The Philippines has only 172.01 researchers per million inhabitants (the world average is 322.51). Graduate students only comprise 18.02 percent of student enrollment in the country.
With complex immigration and visa requirements and stringent government regulations, the Philippines welcomed only 17,337 international students in 2022 (100,437 foreign students in Singapore and 63,308 in Malaysia).
Teachers hold the key
The Teacher Education Council (TEC) has swiftly moved and launched its roadmap for innovative programs. However, challenges persist in clarifying the relationship between the TEC and CHED’s Technical Panel for Teacher Education.
Underperforming teacher education institutions (TEIs) continue to operate despite consistently poor licensure examination records amid the mandate of the PRC Modernization Act of 2000 (RA 8981) to monitor school performance and teaching conditions. The teacher education curriculum remains unaligned with the Licensure Examination for Teachers. The board ratings are high, but the passing rate remains low.
In high school, 62 percent of teachers teach subjects outside their college major (a 98 percent mismatch in the physical sciences and an 80 percent mismatch in the biological sciences), highlighting a critical gap in subject-specific expertise.
Teachers face limited career advancement opportunities. It takes teachers 15 years to move from Teacher 1 (salary grade 11 at P27,000) to Teacher 3 (salary grade 13 at P31,320). There is already a two-year delay in the issuance of the IRR for the Career Progression System (Executive Order 174, s. 2022).
Ancillary administrative tasks still burden teachers, making two out of three teachers work more than 40 hours per week.
Promising TVET
Lack of coordination and fragmentation impede the country from providing useful labor market information to guide policies and decision-making.
While TVET graduates are highly employable (95.5 percent), many (15.2 percent) end up underemployed, with 30.3 percent ending up in the informal sector โ earning slightly lower daily basic pay than non-TVET graduates. Enterprise-based training has been held back due to outdated guidelines as well as inadequate oversight and support since the 1990s.
Many sectors still do not have industry boards, and many courses lack training regulations.
Bigger picture
Trifocalization, the separation of education governance, has not improved learning outcomes because it has instead created silos operating in isolation rather than working toward cohesive policy development.

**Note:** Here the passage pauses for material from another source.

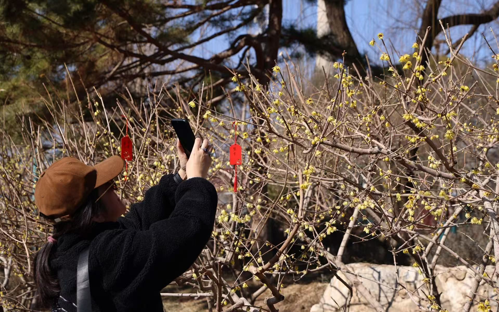 玉渊潭公园西南门至樱珞花谷沿线的300余株蜡梅已经盛放,芳香四溢、清甜醇厚。这些蜡梅涵盖10余个品种,花期可持续至3月初。

The constitutional provision on “complementarity” between public and private education has not been operationalized. Private enrollment has dropped by 20 percent.
Our education system suffers from underinvestment. Currently, the Philippines allocates an average of 3.2 percent of its gross domestic product to education (recommended at 4 percent-6 percent).
Now that Edcom 2 has stated the problems well, with recommendations, the government must lead to solving these โ or this country is doomed.